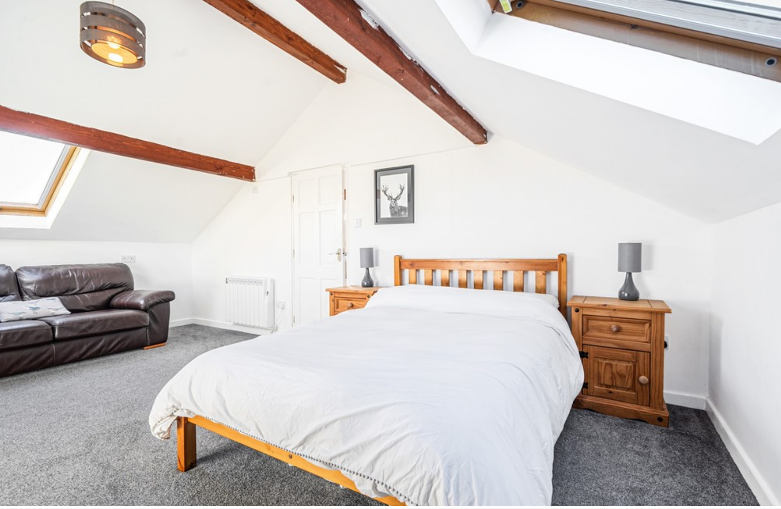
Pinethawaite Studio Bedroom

---

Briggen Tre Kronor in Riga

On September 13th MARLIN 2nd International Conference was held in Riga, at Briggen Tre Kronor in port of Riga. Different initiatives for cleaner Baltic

* [Problem description]
Search each line of the entries for the string "Riga", then say how many lines have it. Reply with the number only.

* [Written answer]
2